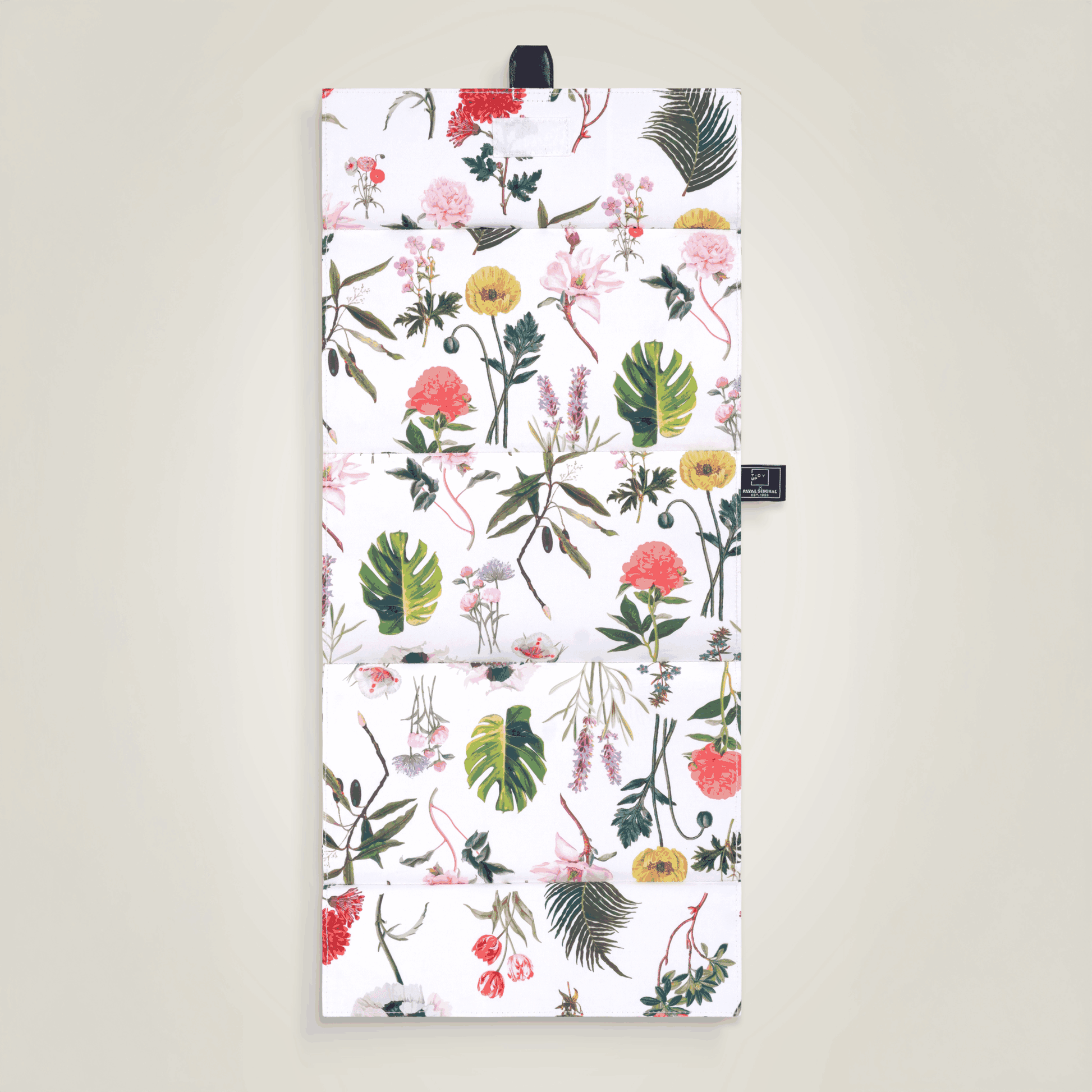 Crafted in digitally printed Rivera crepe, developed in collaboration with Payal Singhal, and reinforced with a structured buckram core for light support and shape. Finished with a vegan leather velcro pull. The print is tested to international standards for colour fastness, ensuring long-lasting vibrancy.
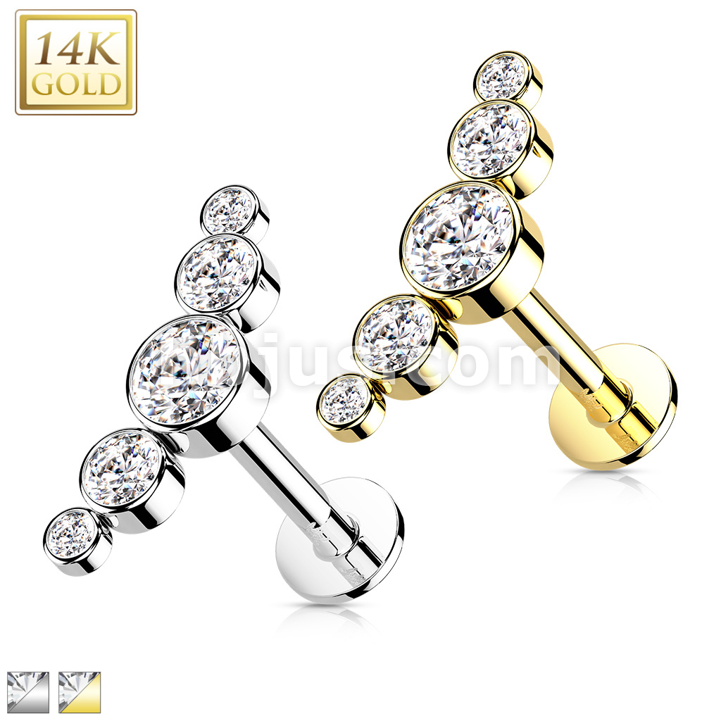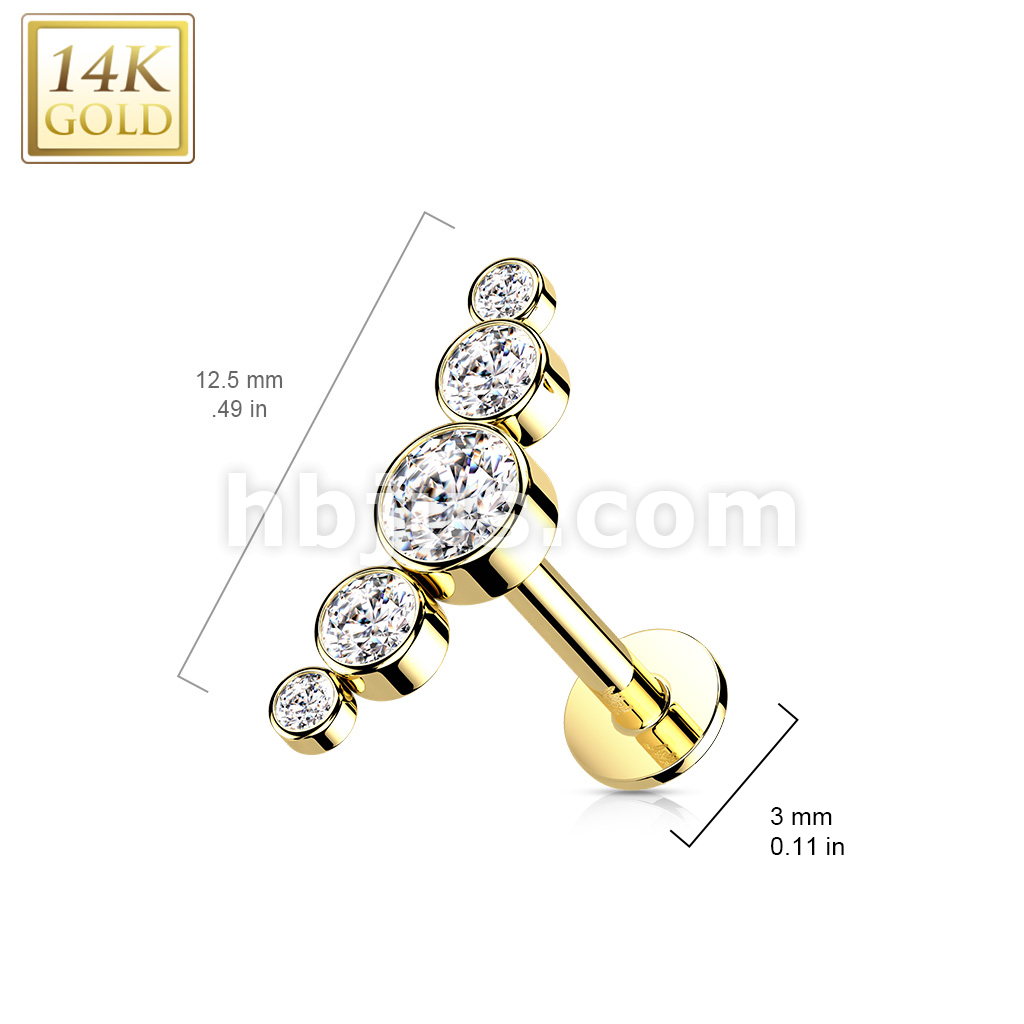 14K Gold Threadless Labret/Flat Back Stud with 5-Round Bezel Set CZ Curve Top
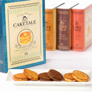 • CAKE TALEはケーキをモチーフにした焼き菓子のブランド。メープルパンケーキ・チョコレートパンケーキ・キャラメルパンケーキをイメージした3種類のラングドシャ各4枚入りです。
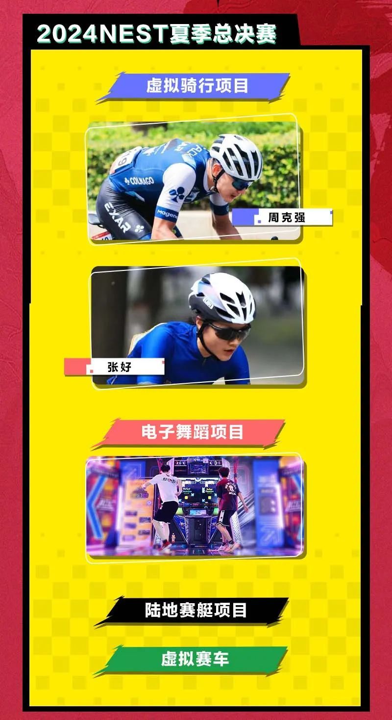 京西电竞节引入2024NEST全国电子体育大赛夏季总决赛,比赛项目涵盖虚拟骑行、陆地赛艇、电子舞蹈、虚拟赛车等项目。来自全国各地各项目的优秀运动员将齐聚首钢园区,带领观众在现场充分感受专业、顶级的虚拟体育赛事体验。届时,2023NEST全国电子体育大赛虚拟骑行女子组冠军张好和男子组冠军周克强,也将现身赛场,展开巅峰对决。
* * *
**TASK DIRECTIONS**: Leave the pictures out and return the rest of the material exactly.

**EXERCISE RESULT**:
 Crafted in digitally printed Rivera crepe, developed in collaboration with Payal Singhal, and reinforced with a structured buckram core for light support and shape. Finished with a vegan leather velcro pull. The print is tested to international standards for colour fastness, ensuring long-lasting vibrancy.
 14K Gold Threadless Labret/Flat Back Stud with 5-Round Bezel Set CZ Curve Top
 • CAKE TALEはケーキをモチーフにした焼き菓子のブランド。メープルパンケーキ・チョコレートパンケーキ・キャラメルパンケーキをイメージした3種類のラングドシャ各4枚入りです。
 京西电竞节引入2024NEST全国电子体育大赛夏季总决赛,比赛项目涵盖虚拟骑行、陆地赛艇、电子舞蹈、虚拟赛车等项目。来自全国各地各项目的优秀运动员将齐聚首钢园区,带领观众在现场充分感受专业、顶级的虚拟体育赛事体验。届时,2023NEST全国电子体育大赛虚拟骑行女子组冠军张好和男子组冠军周克强,也将现身赛场,展开巅峰对决。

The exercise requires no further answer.